Coal Creek.
Film and Digital Part One
There’s been a bit of a lull with the photo walks lately. Some personal stuff has been going on, and honestly, I just haven’t felt like getting out there. Which I feel it’s a good time to mention that this is a regular thing for me. If I am not consistent with something, I will literally lose interest.
But today is Tuesday, and with class tomorrow, I knew I couldn’t put it off any longer. I realised it’s been almost two weeks since I last picked up my camera, and even though I wasn’t really feeling it, I knew I needed to get outside and just start somewhere..
This time I asked ChatGPT to give me a suggestion of where I could go and photograph. They suggested Coal Creek, strangely enough I drive past there every week and I have never even thought to go and take a wonder. so off we went. I had a roll of colour film in my camera I wanted to use and I still have film trauma from previous adventures so I took my Z6iii with me as well.

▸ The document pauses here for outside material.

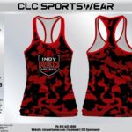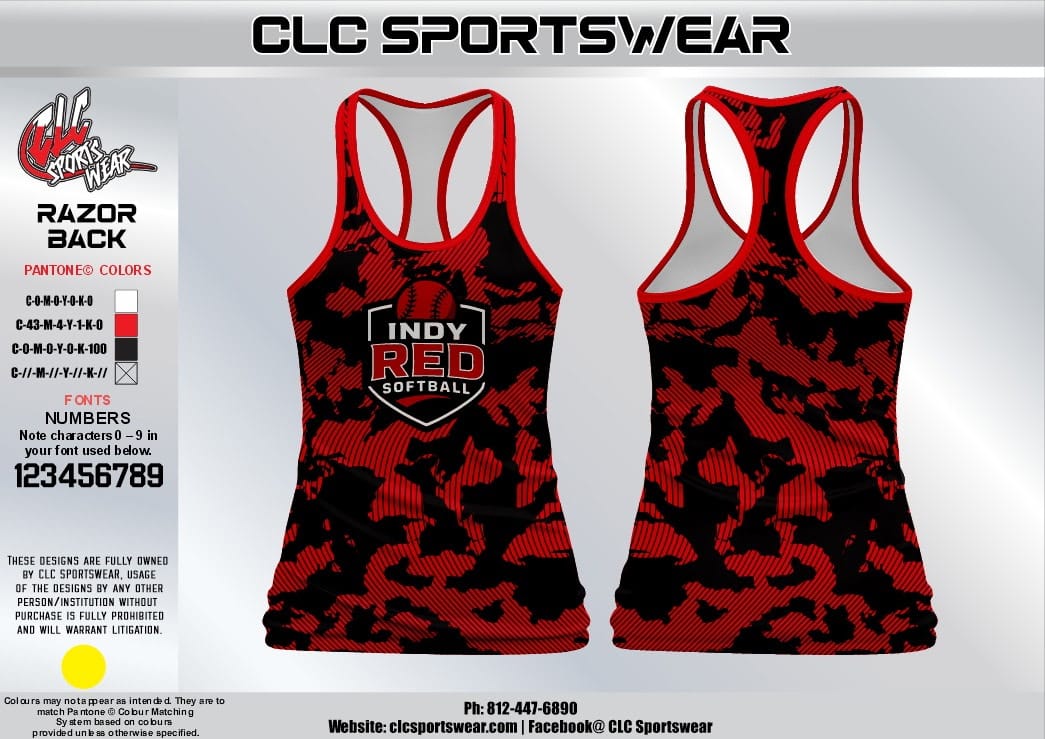 Razorback performance tank with red/black camo pattern and Indy Red Softball crest on the front.

as it is school holidays I had my daughter with me and surprisingly it was really calm and quiet. Which for me is great, the less people the better. I could just get right into it.
I started off pretty strong today, taking the same image twice—once on my Nikon FA and once on my Z6iii.
But honestly, it didn’t take long before it started to really irritate me. I just couldn’t relax. I kept pushing through, looking for interesting places to shoot, and trying to remind myself that this project isn’t about getting the "perfect" photo it’s about the process.
The whole “art of letting go,” so to speak. And yet, I’m still finding that part a real struggle. Today it finally clicked why: I think it’s because I’m using two cameras. I know I’ve mentioned before that switching between cameras was a bit annoying, but today it properly hit me. My lack of motivation to even go out and shoot today was probably because deep down, I just wanted to walk and be present, and juggling two cameras completely got in the way of that.
Thinking back, a couple of weeks ago when I only took my Z6ii to the beach, that walk felt the most rewarding and the most relaxed. So, moving forward, I’m going to keep it simple and only take one camera with me on each walk. I think I’ll enjoy it more, and it’ll let me actually focus on the experience, not the gear.
Once I found a bit of a rhythm today, though, things started to shift. I noticed that familiar feeling of easing into the walk where everything stops feeling forced and I’m just there. It wasn’t immediate, but after a while, I realised I wasn’t overthinking every frame or second-guessing myself. I was just walking, noticing, shooting. That sense of ease is exactly what I’ve been chasing with this project, and it felt good to finally tap back into it.
It was a good reminder that sometimes you just have to push through the uncomfortable part before you can find the flow again.